SALT LAKE CITY (AP) — A Utah wildfire that destroyed 52 homes and left one man dead was caused by arcing between power transmission lines that were built too closely together and sent a surge to the ground that ignited dry grass, a fire investigator said Wednesday.

The central Utah Wood Hollow Fire began June 23 and wasn't fully contained for 10 days, costing nearly $4 million to fight, according to state officials. Officials said 160 structures total were destroyed.

The 75-square-mile blaze began when winds caused two sets of high-voltage power lines to either touch or swing close enough to each other to create a surge than swept down the poles into dry brush, said Deputy Utah Fire Marshal Troy Mills.

Rocky Mountain Power, which owns the lines, said a thief stripped protective cooper wire from its poles that may have prevented the surge.

"The investigation into the Wood Hollow fire is a top priority for Rocky Mountain Power. We want to understand exactly what happened," the company said in a statement Wednesday. "We are in the process of doing our own detailed technical analysis in addition to cooperating with fire investigators. There are aspects of this investigation that have yet to be fully analyzed."

Mills, however, insisted that even with the copper wire in place, the surge would have easily overwhelmed the protections.

"That is the cause of the fire. There's some things where you've got to take a stand. It is what it is," Mills said.

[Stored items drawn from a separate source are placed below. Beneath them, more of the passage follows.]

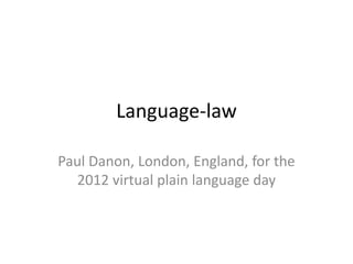 The document discusses the principles of plain writing, emphasizing its importance for clear communication in various contexts, particularly legal writing. It highlights conflicting definitions and guidelines, as well as the challenges in achieving consistency and authority in plain language standards. It concludes that empirical research is needed to better define plain language and guide its legal implementation.
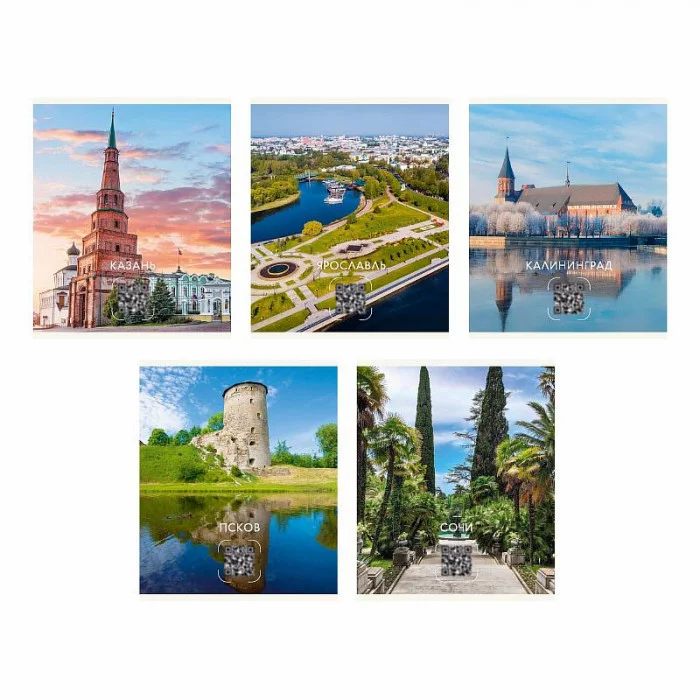 Тетрадь А5 96л. Скрепка. Клетка. Обл.: мел. картон, мат. ламин. Бум. оф.60 г/м2. "Путешествия по России"
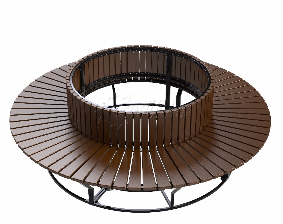 Диван стальной «круглый» r550. Подробные характеристики Скамейка поставляется в разобранном виде! Материалы: Опоры: Cталь. Покрыты порошковой полимерной краской. Возможность выбора цвета по каталогу RAL. Стандартный цвет (по умолчанию) - черный. Сиденье и спинка: Брус из хвойных пород древесины - ангарская сосна (варианты исполнения: лиственница, композитные материалы) различного сечения. Огнебиозащитные пропитки + тонировочный состав с антисептиком + два слоя яхтного лака с промежуточным шлифованием. Возможность выбора цвета из палитры. Фурнитура: Оцинкованная. Возможность выбора цвета фурнитуры по каталогу RAL. Стандартный цвет (по умолчанию) - серебристый. Возможность использования потайной/скрытой фурнитуры. Технические характеристики: Высота: 745 мм Диаметр: 2154 мм Высота сиденья: 440 мм Радиус внутренний: 550 мм Вес версии 2154 мм: кг Варианты цвета на выбор: , махагон, палисандр, тик,
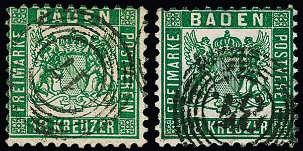 18 Kr. gelbgrün mit NS "17" (Boxberg), sign. Rohr, Richter, Unverfehrt, dazu 18 Kr. dunkelgrün (falzhell) mit NS "87" (Mannheim), Mi. 3700,-
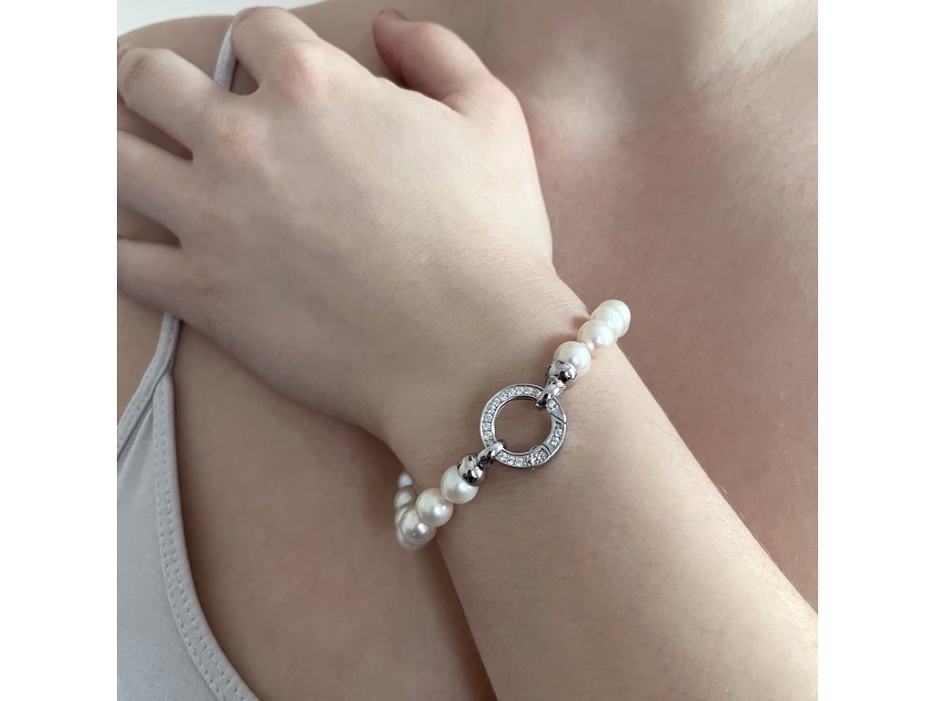 Perlový náramek z říčních perel 23003.1 stříbrný říční perly, zirkony
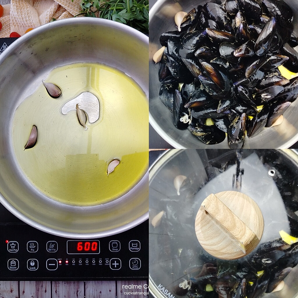 In a large pan, sauté half of the garlic in the oil. You can choose to use it peeled, minced, or whole. Add the mussels and cover with a lid. Over low heat, allow the mussels to open, releasing their cooking liquid. It will take 10-15 minutes.
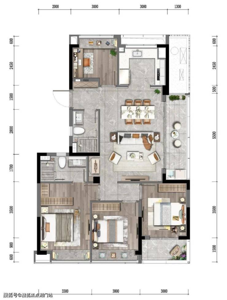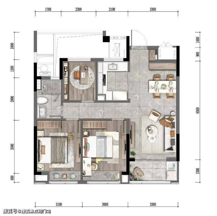 同时,该户型还拥有 双阳台设计,景观阳台和家政阳台功能可以分离。
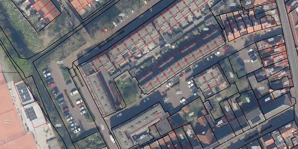 Het perceel waarop Korte Meent 57 staat heeft een oppervlakte van 4065 m². Dit is een zeer groot perceel. De perceeloppervlakte wordt geregistreerd door het Kadaster. Gedetailleerde informatie over de maten van dit perceel kunt u vinden in het rapport Kadastrale kaart met maatvoering van Korte Meent 57.
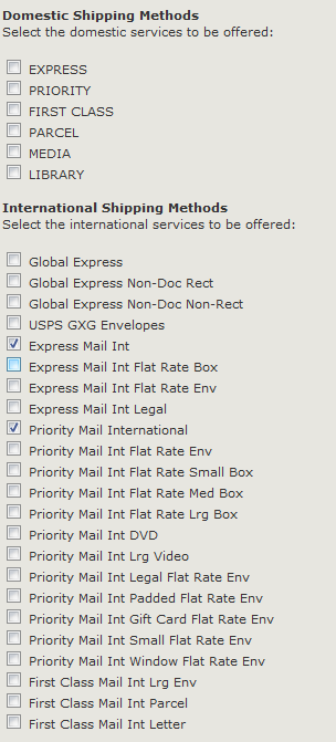 Other settings that are separate for domestic and international are the shipping methods you want to offer. Some methods, like Priority Mail, are available for both but some methods are specific to domestic and some specific to international. In the module, the checked options are the ones that will be available to your shoppers.
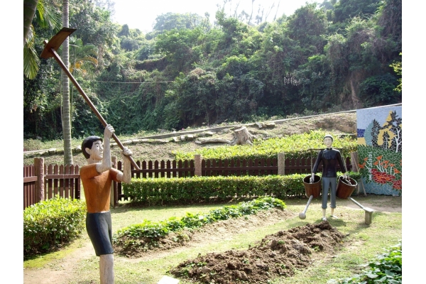 昔日农耕工具、农民劳动情况展区:介绍昔日平整土地工作的模型和犁作工具
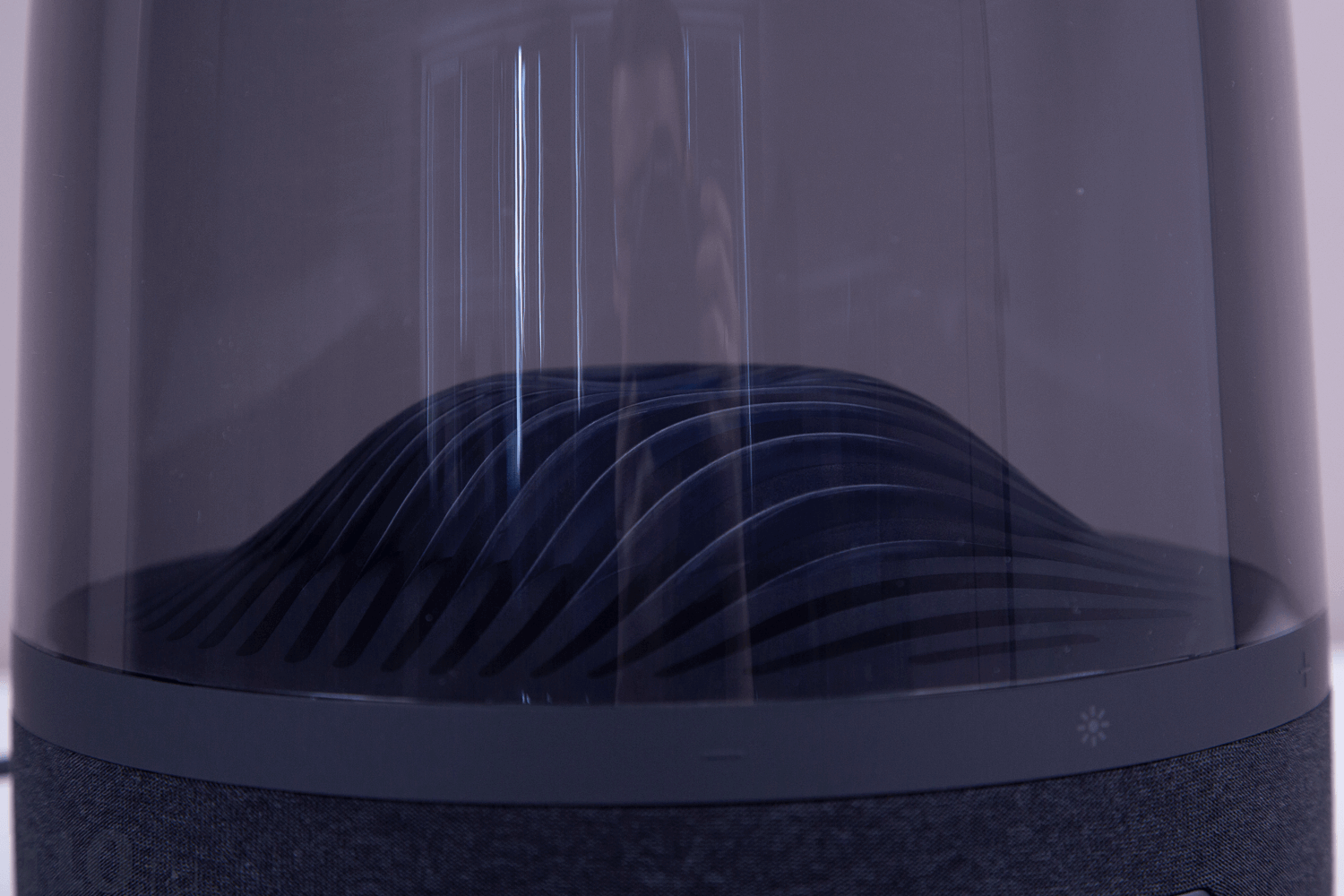 Мне кажется, если бы Apple сделала HomePod на пару лет позже, он бы выглядел именно так. Правда, внешний вид колонки от Harman Kardon можно без угрызений совести назвать эталонным, словно сам Джонатан Айв приложил руку к ее созданию. Стеклянная часть создана специально так, чтобы по-минимуму собирать отпечатки пальцев: я долго осматривал колонку, трогал ее руками, и после этого даже не пришлось протирать ее от отпечатков пальцев, как это обычно происходит.

Some residents of destroyed homes in the area say they're considering a lawsuit against the utility.

The fire marshal's report gave residents "a big jump on the case," said Sterling Hess, who lost a cabin to the fire.

"Rocky Mountain Power should have investigated their problem before it became a problem," Hess said.

Elsewhere in Utah, five major wildfires continued to burn Wednesday, but fire crews largely had them contained.

Meanwhile, fires burned across the West from California to Colorado, Oregon, Wyoming and Montana.

An eastern Oregon wildfire had grown to about 450 square miles on Wednesday, and authorities put some residents on notice that they might have to evacuate. Mike Stearly, spokesman for the fire management team, said triple-digit temperatures and low humidity could expand the blaze to nearly 621 square miles by late Wednesday.

A nearby fire had grown to about 70 square miles. Firefighters had little containment on both blazes.

A wildfire in the Boise National Forest east of Idaho's capital city was threatening about 100 homes Wednesday as lightning sparked several new fires across the state. The blaze on about 300 acres is a concern for a nearby subdivision about 25 miles from Boise, authorities said.

The state's largest wildfire had burned through about 340 square miles of dry grass and sage brush in south-central Idaho but was expected to be contained sometime Wednesday. It had burned no structures.